The expect lifetime of your customers is then: 1 / 0.145 = 6.9 years. If you are able to reduce the churn to 8% after hard work. The average lifetime increases to no less than 12.5 years. 7. Customer Acquisition Cost (CAC) We have already discussed the concept of customer acquisition Boost sales Encourage cost (CAC) sideways. The CAC shows which recruitment costs can be related to the acquisition of a customer. In formula: CAC = total acquisition costs / number of new customers So suppose we bring in 50 new customers with a marketing campaign that cost $10,000, then the CAC is 10,000 / 50 = $200.
Increase Revenue Incentivize
Again, you can choose whether only directly related costs are includ, such as online advertising, or also overhead, such as marketing salaries. Whatever choice you make, it is important that you work with consistent definitions that are unambiguously apply in the various departments in an organization. Avoid that departments such as finance and Luxembourg Phone Number marketing use different definitions and therefore speak a different language. Case ‘telecom company’ One more note about CAC. As I mention in my discussion of churn, it is essential that metrics are consider in the right context.
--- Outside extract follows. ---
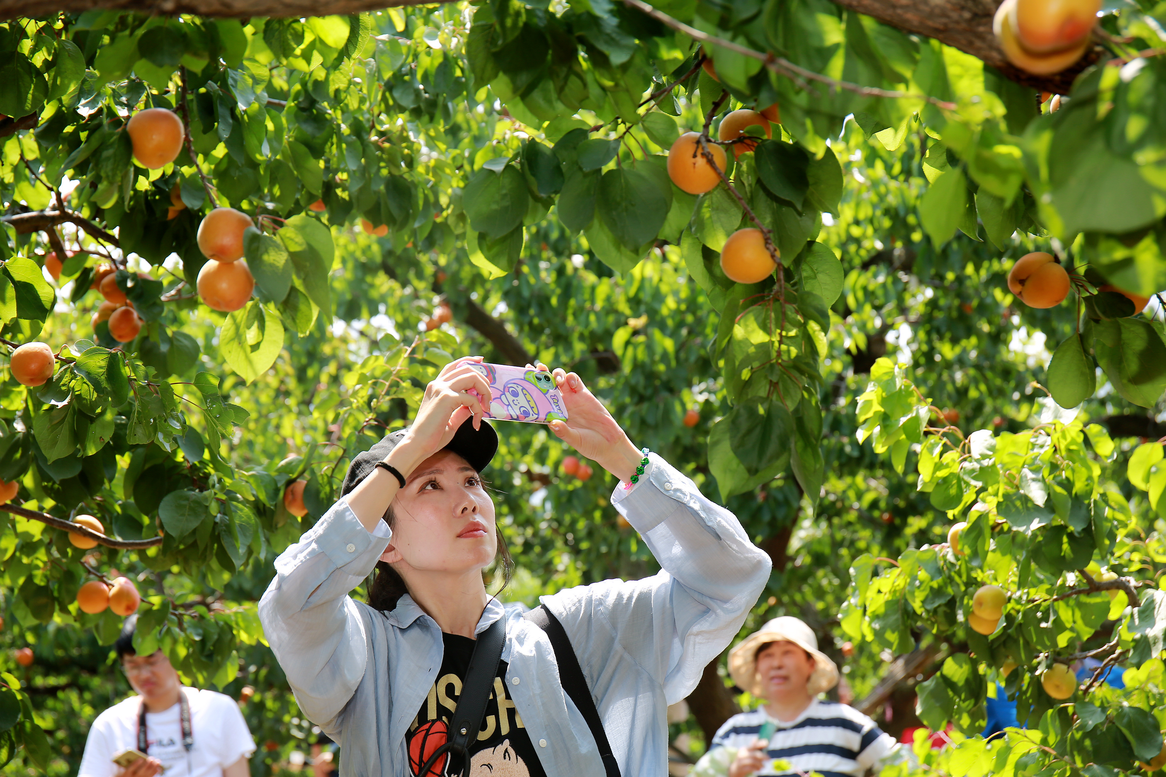 果农告诉凤凰网青岛,市民可根据自己的口味选择不同的时间采摘,如本周末适合采摘大麦黄,下周末则是少山二号、少山红和关爷脸。红杏的采摘期每一个品种有1周多的时间,采摘参考价每人30元。

Retain new customers Incentivize
A short case to illustrate this. Example of how you can put different metrics next to each other. A telecom company evaluates three different channels: a specialist telecom shop, a retail chain and its own webshop. The sales department of the telecom company is initially extremely satisfice with the retail chain with which an agreement has been enter into. This channel attracts no less than 200,000 customers on an annual basis. The CAC (customer acquisition cost) of the retail chain also looks good and is well below the level of that of the telecom shop. However, the finance department delicately points out a number of other metrics: churn and ARPU (average revenue per user).